Die Ampel sei nur eine „Übergangsregierung“ nach der Ära Merkel, findet Omid Nouripour.

© dpa/Britta Pedersen

Er schaltet bereits in den Wahlkampfmodus für die Zeit nach der FDP: „Das, was dieses Land braucht, ist eine Modernisierung.“ Die werde aber nicht vom Himmel fallen, sondern werde Geld kosten, sagt Nouripour ohne das Wort Schuldenbremse in den Mund zu nehmen. Mit den Liberalen werden die Grünen da jedoch nicht mehr vorankommen und so klingt es bei Nouripour mehr als ein Jahr vor der Bundestagswahl schon nach Abschied von der Ampel: „Wir kommen in der Konstellation, in der wir sind, aber an Grenzen dessen, was möglich ist.“

4. Ein Kanzlerkandidat – trotz allem

Auf die Frage zur Kanzlerkandidatur ist Nouripour vorbereitet, schließlich hat Vizekanzler Robert Habeck erst vor wenigen Tagen ziemlich direkt seine Bereitschaft erklärt. Der Grünen-Chef legt sich im Interview (natürlich) nicht fest, doch er erklärt schon einmal, warum die Grünen trotz mieser Umfragen und drohender Wahlschlappen einen Kanzlerkandidaten brauchen.

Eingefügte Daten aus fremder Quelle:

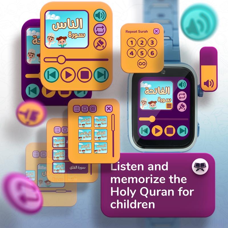 This smartwatch offers a unique feature for children’s Quran education. Kids can listen to any surah from Juz 30, recited by Dawood, enhancing their Quran learning experience. To optimize memorization, the watch allows you to set the number of repetitions for each surah, making it an ideal tool for both learning and retention
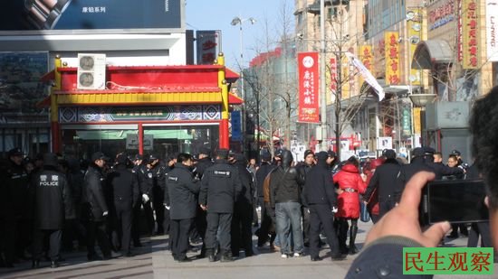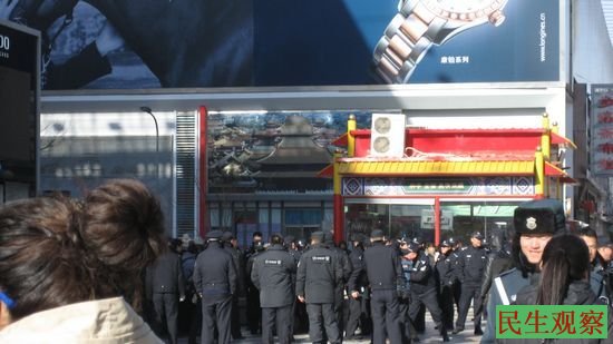 民生观察工作室2013-11-27消息:今天下午一点,来自不同省份的上百位艾滋病感染者在王府井步行街抗议,呼喊口号,要求国家赔偿及更好的治疗条件。王府井步行街行人众多,抗议行动获得多名行人关注。约半小时后,上百名警察、保安围成人墙包围了他们,同时阻止周围的游人、购物者靠近,随后将感染者抓进一辆公交车。

„Wir haben eine massiv veränderte Parteienlandschaft“, sagt er und verweist auf die AfD, die mit einem Kanzlerkandidaten in die Bundestagswahl ziehen will. „Die SPD hat einen Kanzler – die sind bei 14 Prozent oder so. Oder drunter“, sagt Nouripour. Selbst Markus Söder, der mit der CSU ja nur bundesweit auf vier bis sechs Prozent komme, habe Ambitionen, sagt der Grünen-Chef.

Der Vergleich hinkt zwar, doch Nouripour will seine Botschaft platzieren: „Die Leute sehen, das Merkel-Vakuum ist weiterhin nicht gefüllt. Und brauchen dafür Alternativen. Und wir wollen welche liefern.“ Ob die Strategie aufgeht? Bei den Grünen herrscht wohl das Prinzip Hoffnung.